10.1177/0361198118791666

PMID

unavailable

Abstract

The broad goal of this study is to measure remote effects of cancer on brain physiology and behaviors that underpin instrumental activities of daily living such as automobile driving. Studies of hematological malignancies (HM) have demonstrated impairments in multiple brain functions shown to be critical for safe automobile driving. In the current pilot study, brain physiology during driving simulation was examined in 14 HM patients and 13 healthy comparison drivers. Electroencephalography was used to measure the eye fixation-related potential (EFRP)--a positive amplitude deflection evoked approximately 100 milliseconds after eye movement termination. Previous studies have demonstrated sensitivity of EFRP activity to information-processing capacity. All drivers completed visual search tasks to evaluate the relationship between driving-related changes in performance and EFRP activity.

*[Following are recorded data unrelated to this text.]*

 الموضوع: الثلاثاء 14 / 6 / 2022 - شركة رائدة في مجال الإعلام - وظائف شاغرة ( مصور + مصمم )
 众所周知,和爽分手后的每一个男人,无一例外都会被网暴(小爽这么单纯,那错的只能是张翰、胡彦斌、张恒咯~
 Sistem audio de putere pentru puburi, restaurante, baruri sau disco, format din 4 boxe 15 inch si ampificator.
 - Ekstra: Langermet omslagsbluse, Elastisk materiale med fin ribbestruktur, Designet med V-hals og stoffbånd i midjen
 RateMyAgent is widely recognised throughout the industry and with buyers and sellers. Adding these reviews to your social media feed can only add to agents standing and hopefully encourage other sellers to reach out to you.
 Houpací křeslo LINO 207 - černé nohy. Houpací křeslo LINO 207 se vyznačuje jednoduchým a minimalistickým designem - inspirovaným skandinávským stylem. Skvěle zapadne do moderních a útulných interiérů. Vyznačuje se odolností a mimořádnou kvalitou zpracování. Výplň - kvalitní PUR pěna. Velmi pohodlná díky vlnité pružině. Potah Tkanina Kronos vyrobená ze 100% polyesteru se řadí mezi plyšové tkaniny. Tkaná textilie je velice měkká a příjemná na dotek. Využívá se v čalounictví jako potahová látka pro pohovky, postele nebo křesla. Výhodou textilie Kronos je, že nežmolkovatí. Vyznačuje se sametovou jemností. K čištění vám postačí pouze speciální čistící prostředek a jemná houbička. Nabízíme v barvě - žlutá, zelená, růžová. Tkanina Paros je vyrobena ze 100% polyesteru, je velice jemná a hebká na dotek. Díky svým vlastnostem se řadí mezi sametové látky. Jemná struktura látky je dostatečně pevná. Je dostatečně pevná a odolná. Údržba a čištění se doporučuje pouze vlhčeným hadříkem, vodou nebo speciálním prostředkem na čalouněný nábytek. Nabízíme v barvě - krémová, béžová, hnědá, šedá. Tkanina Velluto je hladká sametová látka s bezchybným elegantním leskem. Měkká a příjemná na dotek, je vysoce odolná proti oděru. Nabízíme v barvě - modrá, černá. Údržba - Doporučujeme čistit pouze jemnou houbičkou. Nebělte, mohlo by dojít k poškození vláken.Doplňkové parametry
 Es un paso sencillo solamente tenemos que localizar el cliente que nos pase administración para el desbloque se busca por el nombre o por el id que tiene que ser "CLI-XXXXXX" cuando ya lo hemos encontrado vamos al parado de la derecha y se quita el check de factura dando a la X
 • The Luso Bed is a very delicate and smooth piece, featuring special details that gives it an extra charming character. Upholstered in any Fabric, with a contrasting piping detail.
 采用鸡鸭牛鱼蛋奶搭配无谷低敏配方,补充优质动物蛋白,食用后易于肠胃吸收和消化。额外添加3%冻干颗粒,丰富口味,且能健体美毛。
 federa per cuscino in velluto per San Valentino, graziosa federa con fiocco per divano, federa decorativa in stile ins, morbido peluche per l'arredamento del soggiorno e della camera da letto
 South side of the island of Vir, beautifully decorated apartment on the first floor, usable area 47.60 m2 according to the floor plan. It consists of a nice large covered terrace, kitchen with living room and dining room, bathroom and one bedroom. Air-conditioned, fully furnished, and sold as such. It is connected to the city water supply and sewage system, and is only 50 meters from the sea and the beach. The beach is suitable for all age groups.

RESULTS showed smaller EFRP amplitudes in drivers who had: (1) greater driving-related changes in visual search performance (p = 0.03, Cohen's d = 0.91); and (2) HM diagnosis (p = 0.18, Cohen's d = 0.54). Extending previous studies, these results provide neural evidence of reduced information-processing capacity associated with cancer diagnosis. Future large-scale studies are needed to confirm these results, given the high level of uncertainty and small sample size. This study provides a novel platform for linking changes in brain physiology and safety-critical driving behaviors.